An excellent article on climate change and farming in the Saturday Paper (5.10) by Matthew Evans alerted me to the work of Niels Olsen of Hallora. Niels has developed a carbon farming technique which boosts both productivity and soil carbon – the latter more than trebling in the amazingly brief period of 5 years. As a result of this activity Niels’ Soilkee farm has been the first anywhere to be issued “carbon credits” for “a soil carbon project under the Emissions Reduction Fund (ERF) and the Paris Agreement”.
The Soilkee Renovator works with “minimum till disturbance in spaced apart rows by means of rotating blades create a competition free seed bed for successful germination, leaving around 80% of the pasture undisturbed. A diverse mix of seeds from clover seed to faba bean size can be applied from the seed box during operation with seeds dropping in the kee’s. The undisturbed portion acts as a cover crop protecting the soil from the elements, reducing erosion and keeping around 80% of soil life habitat intact.
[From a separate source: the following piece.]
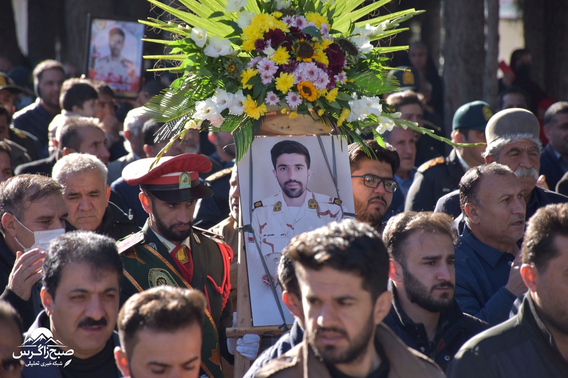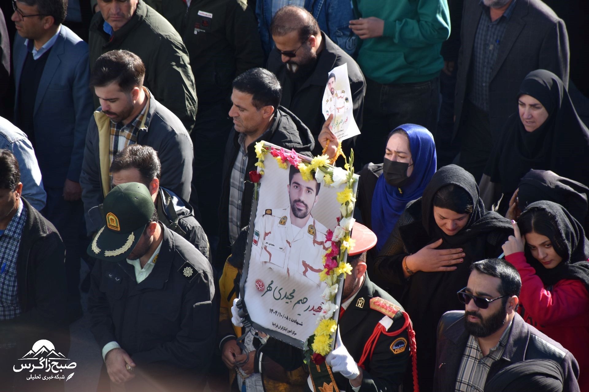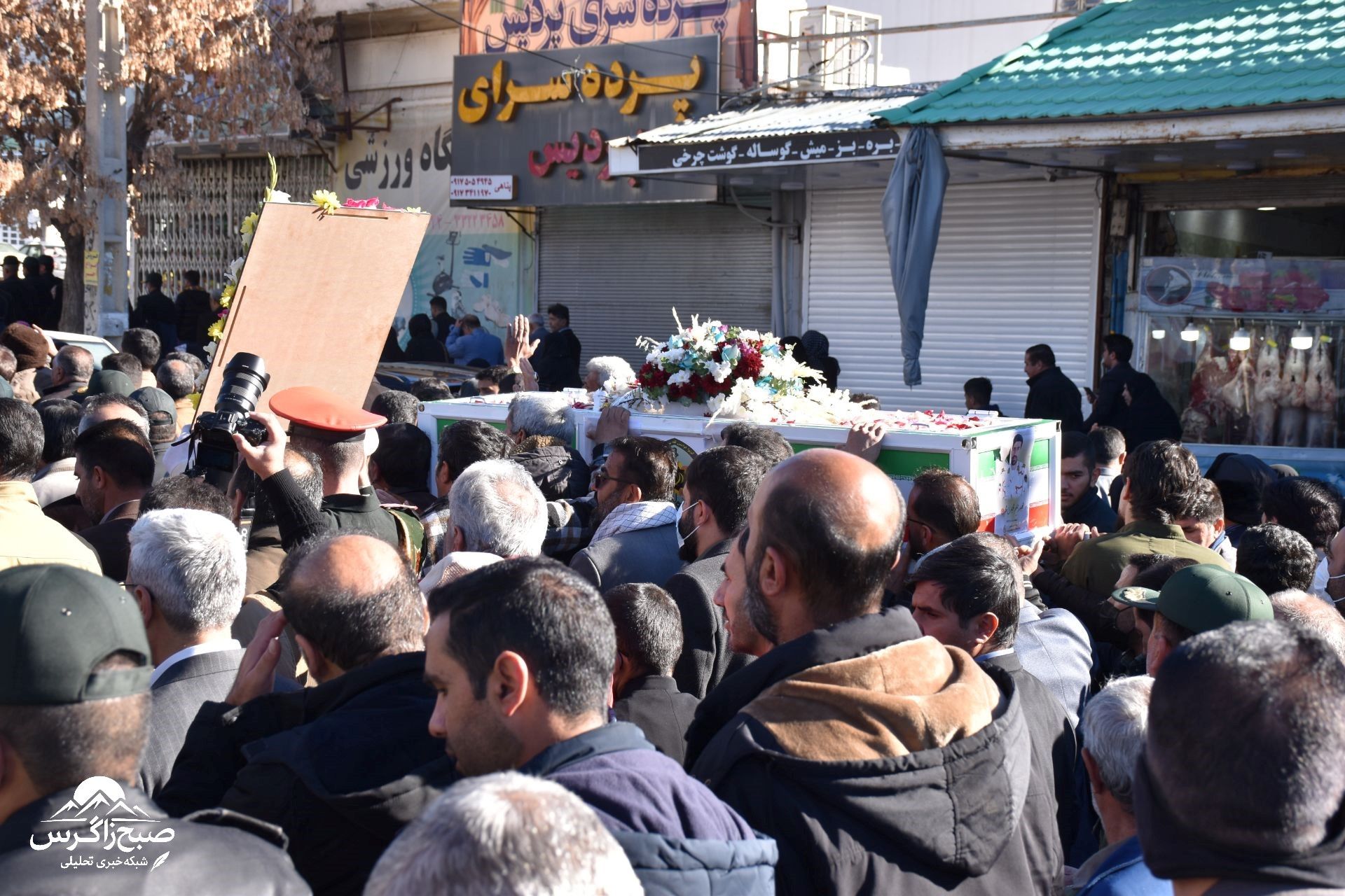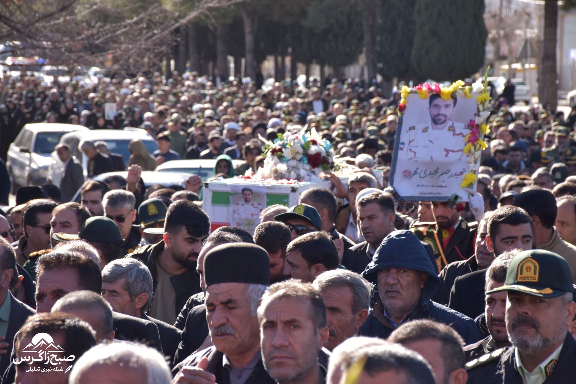 پیکر شهید، در میان انبوه جمعیت، بر روی دستان مردان محکم و چهرههای برافروخته از عشق، تاب میخورد. پرچم مقدس ایران، مانند پردهای از آتش و خون، تابلویی باشکوه بر گرد تابوت ایجاد کرده بود. نگاههای مردم، از پیرزنانی با چادرهای محلی تا جوانانی با مشتهای گره کرده، همه بر یک نقطه متمرکز بود: پیکر آن جوانی که برای حفظ این خاک، جوانیاش را در برفها و سنگلاخهای مرزی دفن کرده بود. صداى زمزمه ذکرلبیک یا خامنه ای و لا اله الا الله، چونان نجواى هماهنگ دلهاى یک ملت، فضا را آکنده بود.

Whilst creating the seed bed the Soilkee Renovator provides additional benefits of aeration and a green manure crop within the worked up portion, providing aerobic conditions and a food source that activates the soil fungi, bacteria and earthworm populations and the natural soil processes they perform.”
The benefits of this process besides the increase in soil carbon include a substantial increase in dry matter equivalent, better moisture retention and thus some drought protection, a general increase in a wide range of nutrients and their availability and better soil aeration. Sounds almost too good to be true. Aside from minimum tillage using a wide range of seed, especially deep rooted and nitrogen fixing varieties, ensures that the carbon sequestration and soil building process goes down a metre or more. And an added bonus for the Olsen’s has been the $15,000 in carbon credits from the ERF – the first payment for a form of carbon, capture and storage besides trees that actually works.
Understandably, as in many pioneering processes, there have been difficulties to overcome – in particular estimating the amount of carbon being stored and the cost of measuring this. There is also the possibility of governments proclaiming the success of the process and avoiding the dire need for climate action on as many fronts as possible. On the other hand this form of sequestration of soil carbon has massive potential for the rapid removal of CO2 from the atmosphere. But one must ask why the pollies and the news media have not been shouting loudly about this ‘from the rooftops’. Here we have one of the very few tangible developments of their much lauded ERF- a rarity that looks so promising. And we have a world first in Gippsland hardly anyone, even locally, has heard of.